Петр Степанович улыбнулся искривленною улыбкой.
— Знаете, — заторопился он вдруг чрезмерно, каким— то вздрагивающим и пресекающимся голосом, — знаете, Николай Всеволодович, мы оставим насчет личностей, не так ли, раз навсегда? Вы, разумеется, можете меня презирать сколько угодно, если вам так смешно, но все-таки бы лучше без личностей несколько времени, так ли?
— Хорошо, я больше не буду, — промолвил Николай Всеволодович. Петр Степанович усмехнулся, стукнул по коленке шляпой, ступил с одной ноги на другую и принял прежний вид.
— Здесь иные считают меня даже вашим соперником у Лизаветы Николаевны, как же мне о наружности не заботиться? — засмеялся он. — Это кто же, однако, вам доносит? Гм. Ровно восемь часов; ну, я в путь; я к Варваре Петровне обещал зайти, но спасую, а вы ложитесь и завтра будете бодрее. На дворе дождь и темень, у меня, впрочем, извозчик, потому что на улицах здесь по ночам неспокойно… Ах, как кстати: здесь в городе и около бродит теперь один Федька Каторжный, беглый из Сибири, представьте, мой бывший дворовый человек, которого папаша лет пятнадцать тому в солдаты упек и деньги взял. Очень замечательная личность.
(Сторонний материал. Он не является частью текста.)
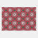 Set of three wrapping paper sheets with different decorative patterns in matching colours. Each sheet features a seamless festive pattern made of white lace snowflake ornaments on a dark red mosaic geometric background.
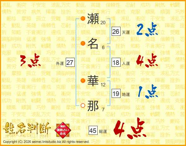 瀬(20画)名(6画) 華(12画)那(7画)
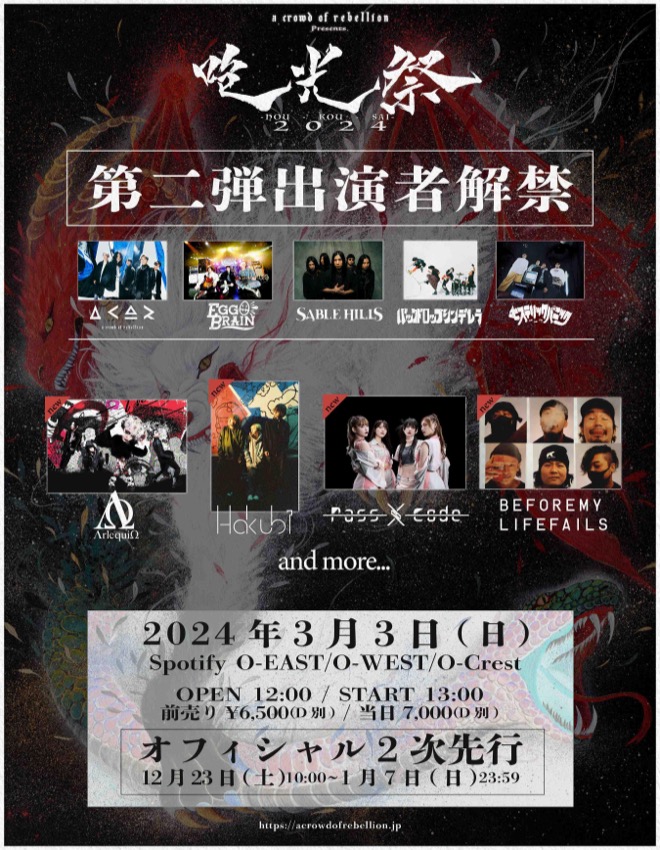 a crowd of rebellionが主催するサーキットイベント<“咆光祭”2024>(読み:ホウコウサイ)の第二弾出演者が発表された。

— Вы… с ним говорили? — вскинул глазами Николай Всеволодович.
— Говорил. От меня не прячется. На всё готовая личность, на всё; за деньги разумеется, но есть и убеждения, в своем роде конечно. Ах да, вот и опять кстати: если вы давеча серьезно о том замысле, помните, насчет Лизаветы Николаевны, то возобновляю вам еще раз, что и я тоже на всё готовая личность, во всех родах, каких угодно, и совершенно к вашим услугам… Что это, вы за палку хватаетесь? Ах нет, вы не за палку… Представьте, мне показалось, что вы палку ищете?
Николай Всеволодович ничего не искал и ничего не говорил, но действительно он привстал как-то вдруг, с каким-то странным движением в лице.
— Если вам тоже понадобится что-нибудь насчет господина Гаганова, — брякнул вдруг Петр Степанович, уж прямехонько кивая на пресс-папье, — то, разумеется, я могу всё устроить и убежден, что вы меня не обойдете.
Он вдруг вышел, не дожидаясь ответа, но высунул еще раз голову из-за двери.
— Я потому так, — прокричал он скороговоркой, — что ведь Шатов, например, тоже не имел права рисковать тогда жизнью в воскресенье, когда к вам подошел, так ли? Я бы желал, чтобы вы это заметили.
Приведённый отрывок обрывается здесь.